Speckle imaging comprises a range of high-resolution astronomical imaging techniques based on the analysis of large numbers of short exposures that freeze the variation of atmospheric turbulence. They can be divided into the shift-and-add ("image stacking") method and the speckle interferometry methods. These techniques can dramatically increase the resolution of ground-based telescopes, but are limited to bright targets.
The principle of all the techniques is to take very short exposure images of astronomical targets, and then process those so as to remove the effects of astronomical seeing. Use of these techniques led to a number of discoveries, including thousands of binary stars that would otherwise appear as a single star to a visual observer working with a similar-sized telescope, and the first images of sunspot-like phenomena on other stars. Many of the techniques remain in wide use today, notably when imaging relatively bright targets.
The resolution of a telescope is limited by the size of the main mirror, due to the effects of Fraunhofer diffraction. This results in images of distant objects being spread out to a small spot known as the Airy disk. A group of objects whose images are closer together than this limit appear as a single object. Thus larger telescopes can image not only dimmer objects (because they collect more light), but resolve objects that are closer together as well.

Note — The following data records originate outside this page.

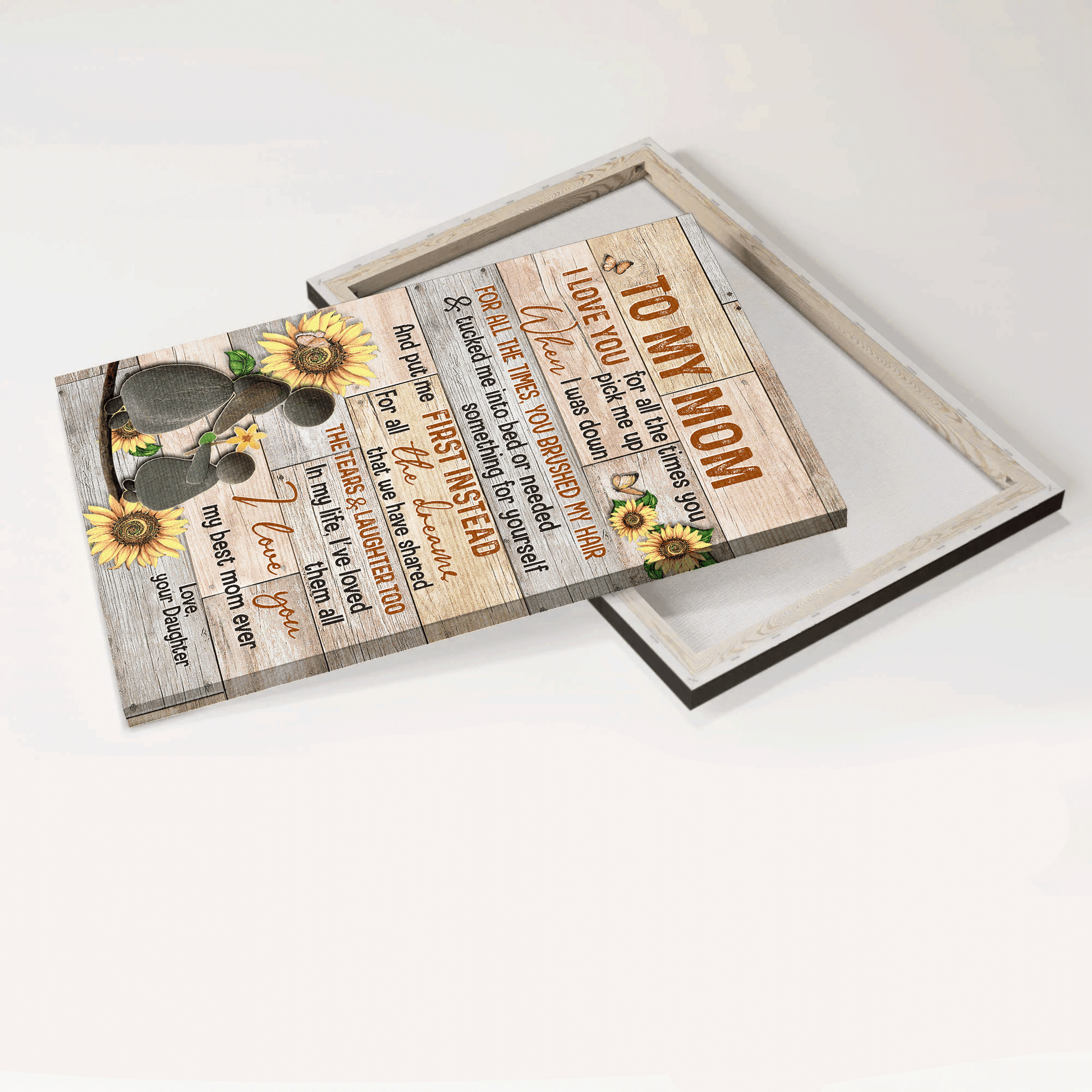 Family Portrait Canvas- To my mom canvas, Daughter to mom, Sunflower, Mother and child canvas- Gift for mom, mother- I love you for all the times you pick me up.
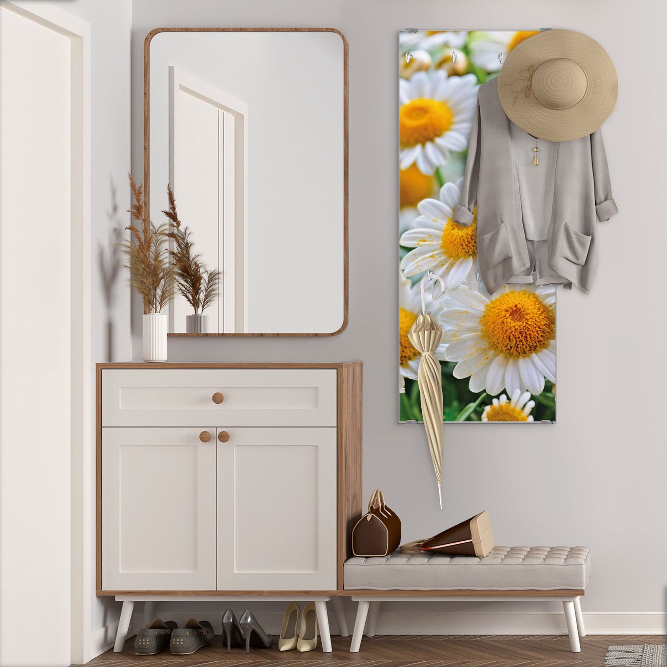Flurgarderobe Glas 50x125cm Motiv Margeriten Illustration
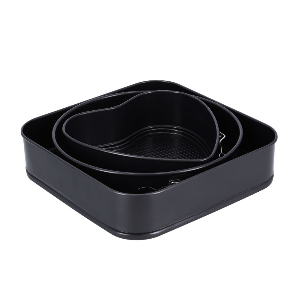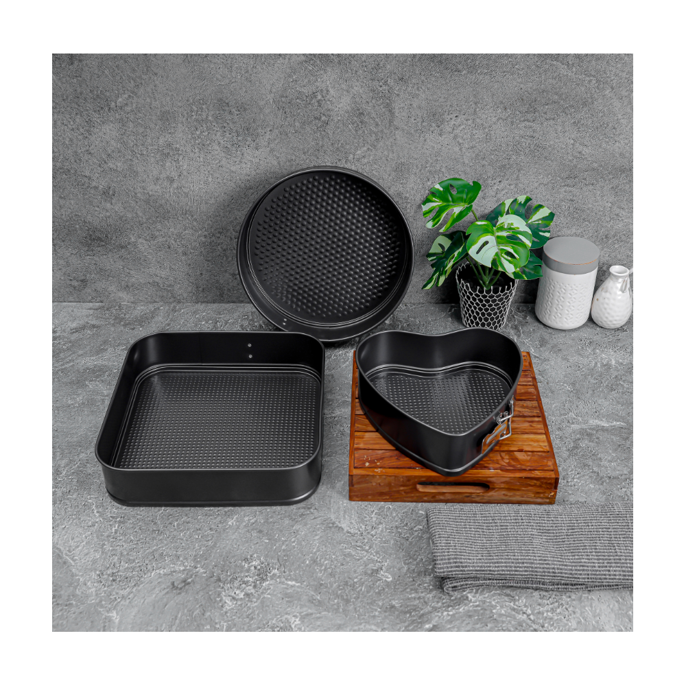 Lot de 3 moules à charnière ronds, en forme de cœur et carrés ROYALFORD RF9902 - L'ensemble comprend : 1 moule à charnière rond 26 x 6,8 cm, 1 moule à charnière en forme de cœur 24 x 24 x 6,8 cm, 1 moule à charnière carré 28 x 28 x 6,8 cm - Surface antiadhésive pour un démoulage facile et un nettoyage rapide - S'utilise en toute sécurité au four, au lave-vaisselle, au réfrigérateur et au congélateur - La construction résistante à la décoloration résiste aux taches, facilitant ainsi le nettoyage.
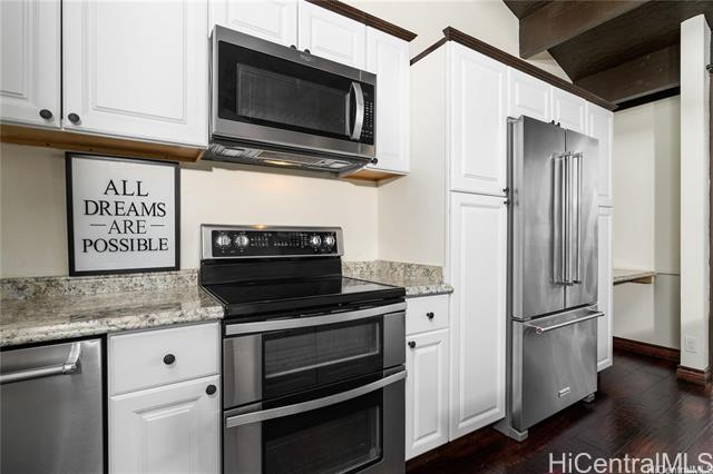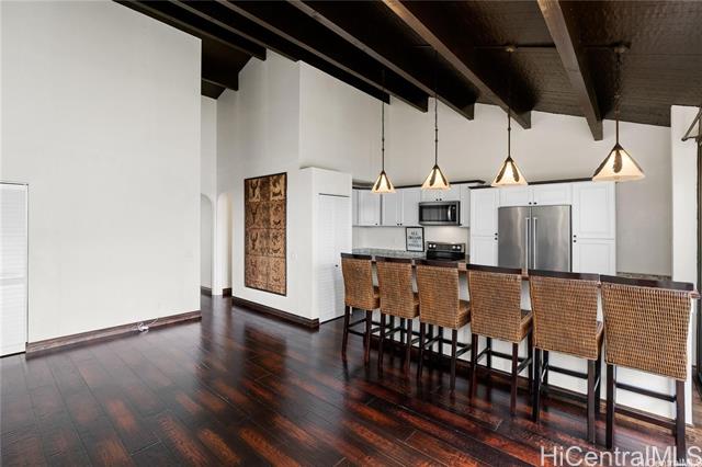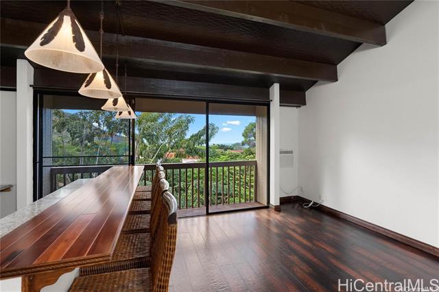 - Perched on the top floor in a gated, tropical oasis, this home delivers the kind of turnkey, designer-updated living that feels like a daily vacation. This rare corner end unit has no neighbors above and features your own private stairway entrance, creating the privacy and “single-family” vibe buyers love. Inside, you’ll find vaulted ceilings, stylish upgrades throughout, and ocean views. The spa-inspired bath is a standout with a free-standing soaking tub, and the home is loaded with practical peace-of-mind upgrades like hardwood flooring, upgraded kitchen, copper plumbing and an automatic water shut-off system. Washer and dryer included, because convenience matters. Step outside and lean into the resort lifestyle: tennis courts, basketball, swimming pools, and a whirlpool, all surrounded by lush, well-maintained landscaping. World-class beaches, surfing, and diving are just minutes away.

This improvement of resolution breaks down due to the practical limits imposed by the atmosphere, whose random nature disrupts the single spot of the Airy disk into a pattern of similarly-sized spots scattered over a much larger area (see the adjacent image of a binary). For typical seeing, the practical resolution limits are at mirror sizes much less than the mechanical limits for the size of mirrors, namely at a mirror diameter equal to the astronomical seeing parameter r0 – about 20 cm in diameter for observations with visible light under good conditions. For many years, telescope performance was limited by this effect, until the introduction of speckle interferometry and adaptive optics provided a means of removing this limitation.
Speckle imaging recreates the original image through image processing techniques. The key to the technique, found by the American astronomer David L. Fried in 1966, was to take very fast images in which case the atmosphere is effectively "frozen" in place.[1] At infrared wavelengths, coherence times τ0 are on the order of 100 ms, but for the visible region they drop to as little as 10 ms. When exposure times are shorter than τ0, the movement of the atmosphere is too sluggish to have an effect; the speckles recorded in the image are a snapshot of the atmospheric seeing at that instant. Coherence time τ0 = r0/v is a function of wavelength, because r0 is a function of wavelength.
The downside of the technique is that taking images at this short an exposure is difficult, and if the object is too dim, not enough light will be captured to make analysis possible. Early uses of the technique in the early 1970s were made on a limited scale using photographic techniques, but since photographic film captures only about 7% of the incoming light, only the brightest of objects could be viewed in this way. The introduction of the CCD into astronomy, which captures more than 70% of the light, lowered the bar on practical applications by an order of magnitude, and today the technique is widely used on bright astronomical objects (e.g. stars and star systems).
Many of the simpler speckle imaging methods have multiple names, largely from amateur astronomers re-inventing existing speckle imaging techniques and giving them new names.
Another use of the technique is in industry. By shining a laser (whose smooth wavefront is an excellent simulation of the light from a distant star) on a surface, the resulting speckle pattern can be processed to give detailed images of flaws in the material.[2]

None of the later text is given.